Tully O’Toole stumbled over to her and draped his tall, gaunt form around her.
“Deb, I don’t know how to thank you and Chan. When I came here tonight I felt sure I was done, a little while longer and I would be gone. But now there’s hope. We’ll get away from here, and head for the stars. We said we would, we said we could — and now we’ll do it.”
Deb patted him on the shoulder. “We will, Tully. We will. We have to go to your place first, to get your things, before we go to mine. You lead the way.”
As Tully started back along the corridor, feeling his way along the dark walls, she held Chan back for a moment and whispered, “While you’re gloating, just remember one thing. I’m not going to Ceres or anywhere else for you. I’m doing it for him .”
“I know that.” Chan tried to pull free. “You hate my guts. You don’t need to tell me again. As soon as I can make arrangements for you and Tully to go to Ceres, I’ll leave you and head for the Oort Cloud. I have to find Chrissie and the Tarbush.”

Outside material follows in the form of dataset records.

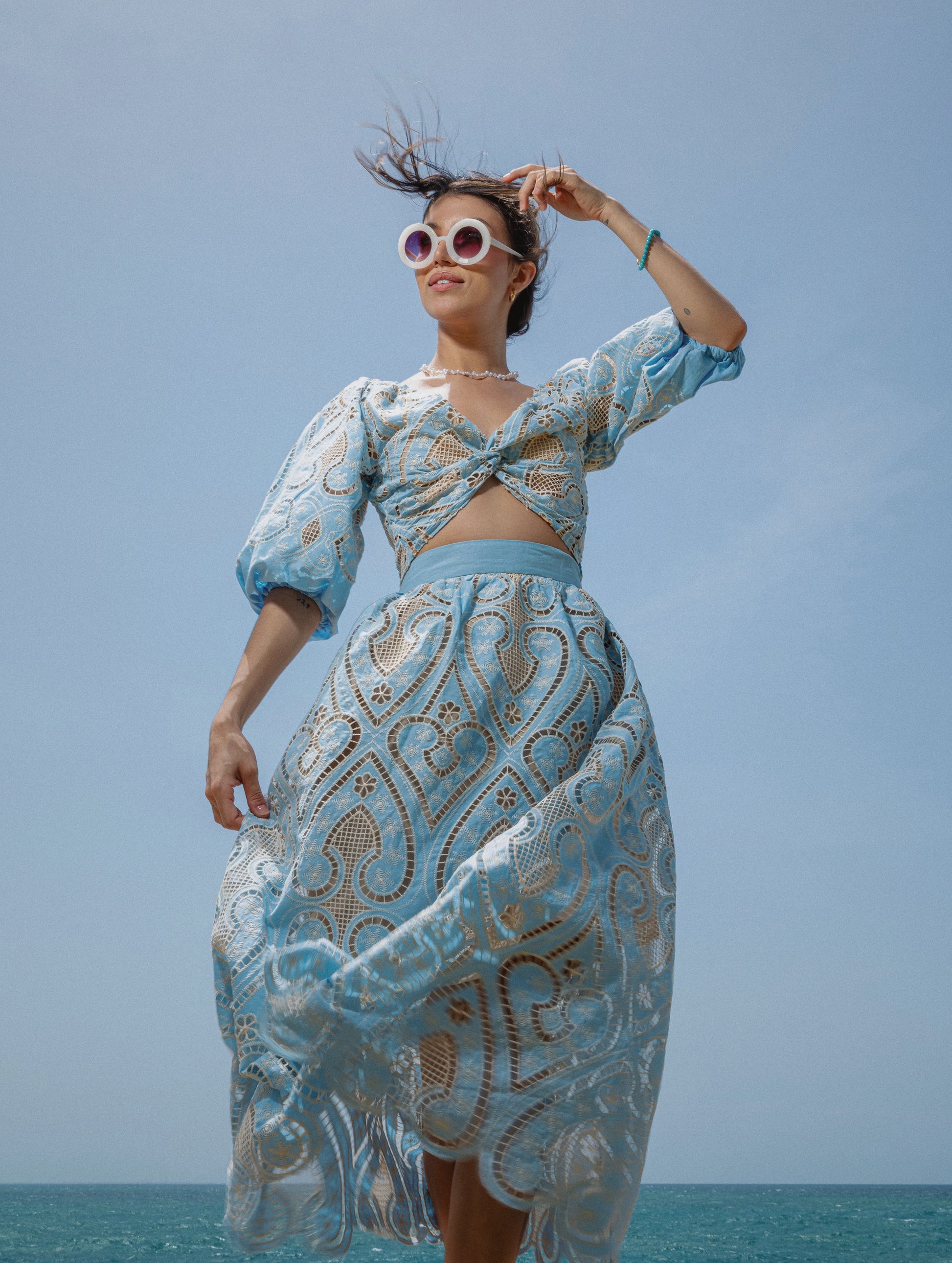 Maxi skirt with side pockets in embroided blue cotton eyelet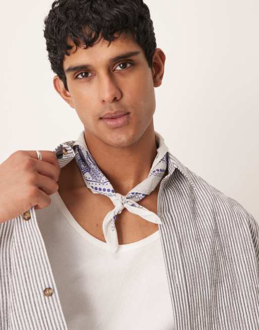 ASOS DESIGN – Naturvit och marinblå, paisleymönstrad bandana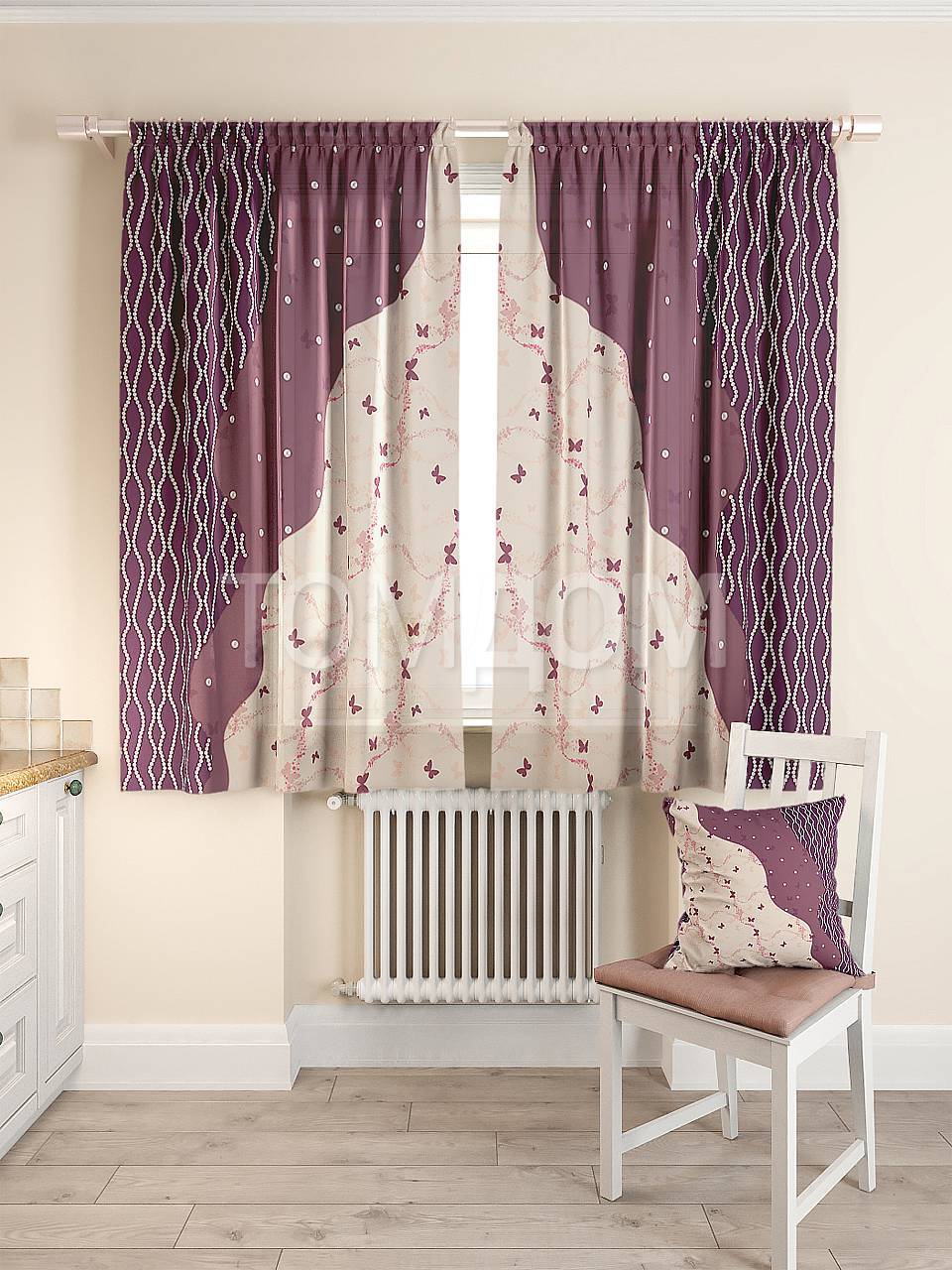 А если вы наоборот, подбираете обои к шторам, то к фиолетовым, сиреневым или лиловым шторам можно подобрать нейтрально бежевые обои.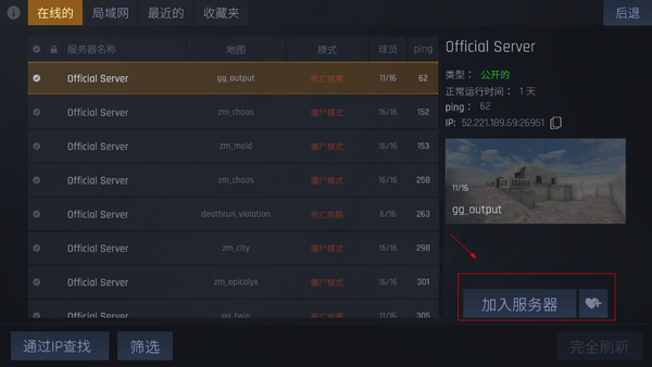 然后选择一个游戏模式,点击【加入服务器】即可;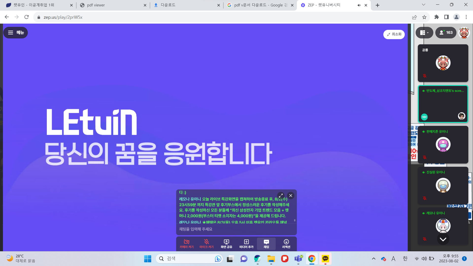 우연히 광고로 접했는데 뭐라도 해보자는 마음으로 참여했다. 생각보다 얻는 것이 많고 알게 되는 것도 많아서 만족했고, 렛유니버시티를 처음 사용해 봤는데 생각보다 재미있어서 놀라웠다. 무엇을 어떻게 준비해야 할지 감이 잡혀서 시원하다. 생방송 시청 인증 이미지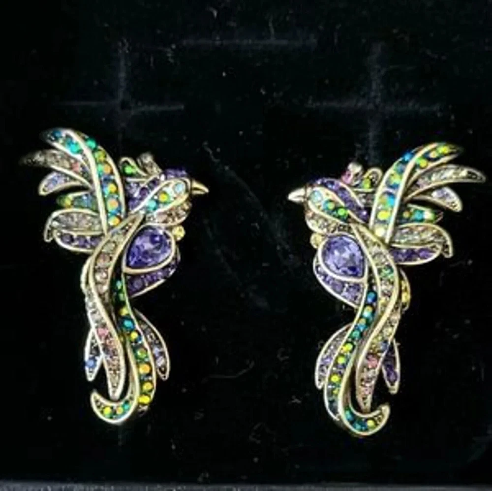 Heidi Daus Phoenix Rising Crystal Earrings Omega backs NWOT
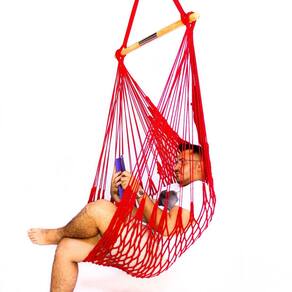 Conheça nosso modelo de Rede Suspensa ou Rede Cadeira Trançada. Esse modelo de rede cadeira é feita em cordão 100% algodão, altamente reforçado. Seu trançado parece uma rede tarrafa, não contém nós, dando mais conforto ao usuário.
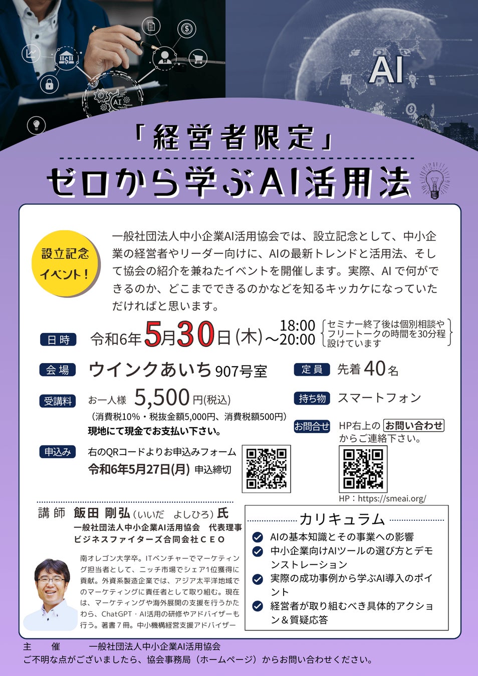中小企業のデジタル変革を加速し、持続可能な成長を支援するため、「一般社団法人中小企業AI活用協会」(所在地:愛知県、代表理事:飯田剛弘)を2024年4月に設立いたしました。経営者やビジネスリーダーが直面する課題を解決するため、AI活用に関する学びや交流の機会を通して、実践的な活用方法の普及に力を入れてまります。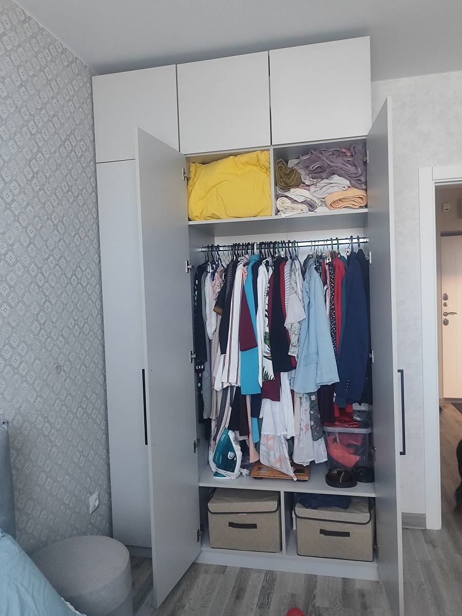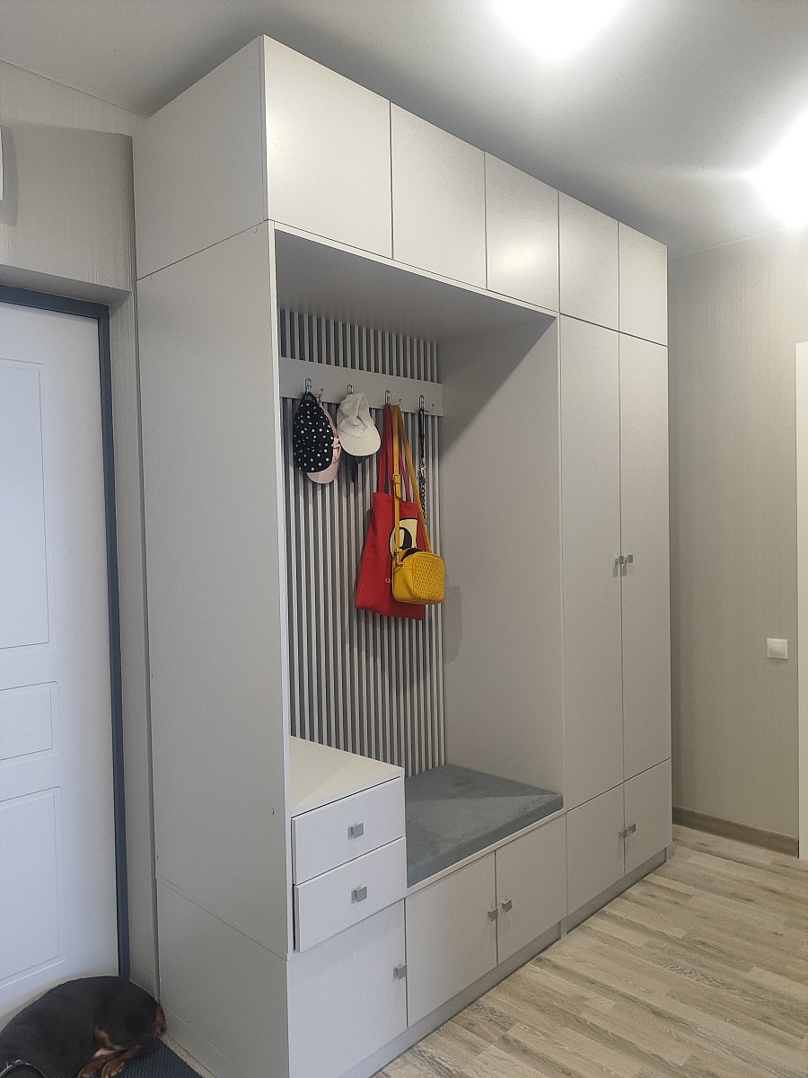 Шкаф порадовал, смотрится солидно. Есть возможность по своему усмотрению изменить конфигурацию: добавили зеркало и дополнительные полки, изменили ручки, изменили размеры. Думали будут проблемы из-за сборки в стеснённых условиях, но мастер за 3 часа все собрал на отлично. Заказ 00000133736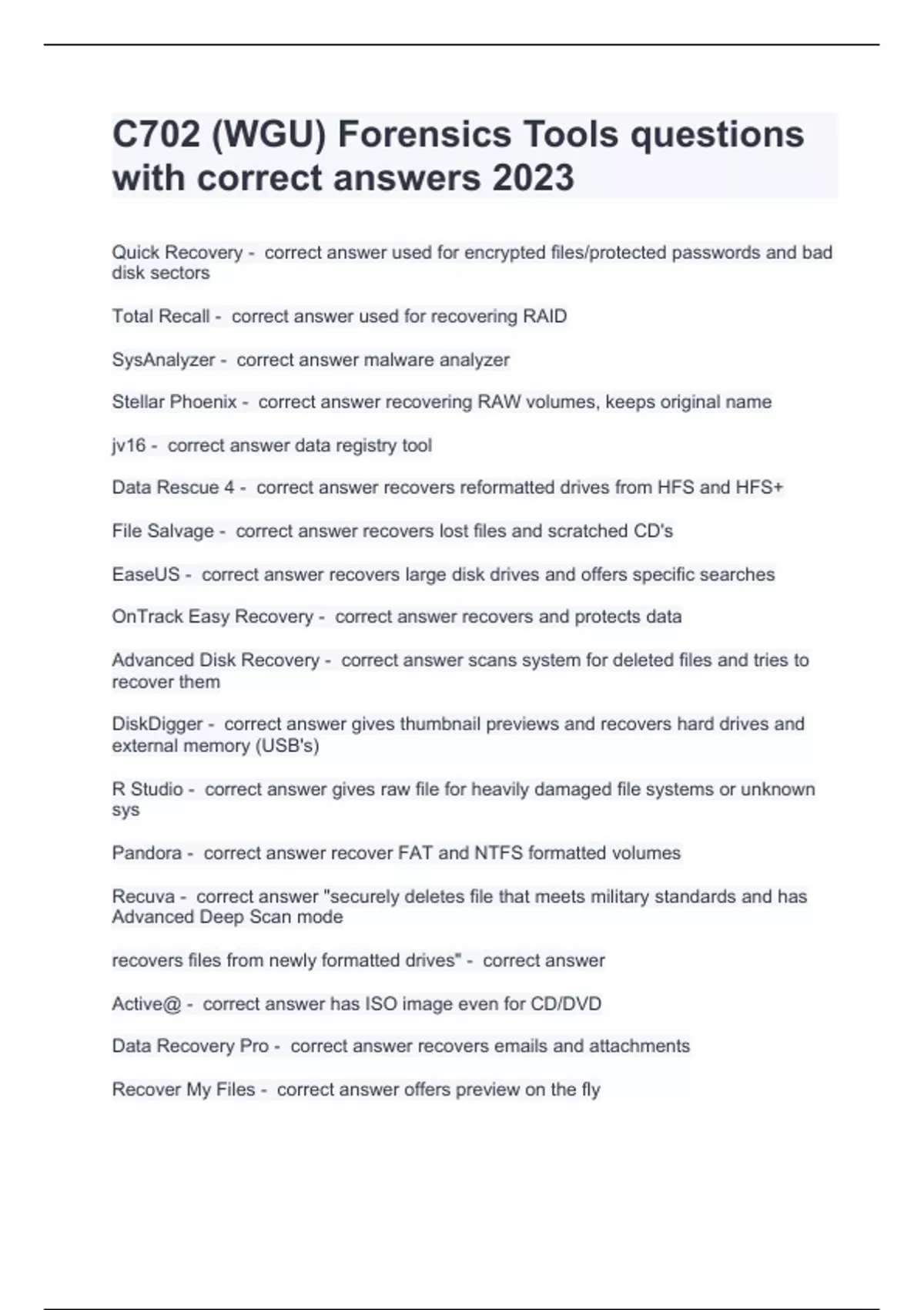 c702 wgu forensics tools questions with correct

Deb still held him by the arm. “Good luck, then — for Tully’s sake. What do you think your chances are?”
“With you?” Chan pulled himself away. “Zero. With Chrissie and the Tarbush, excellent. I’ll find them, and I’ll bring them to Ceres.”
“Cocksure as ever.”
“It’s all relative, Deb. Compared with the past few hours, anything in the Oort Cloud has to be easy.”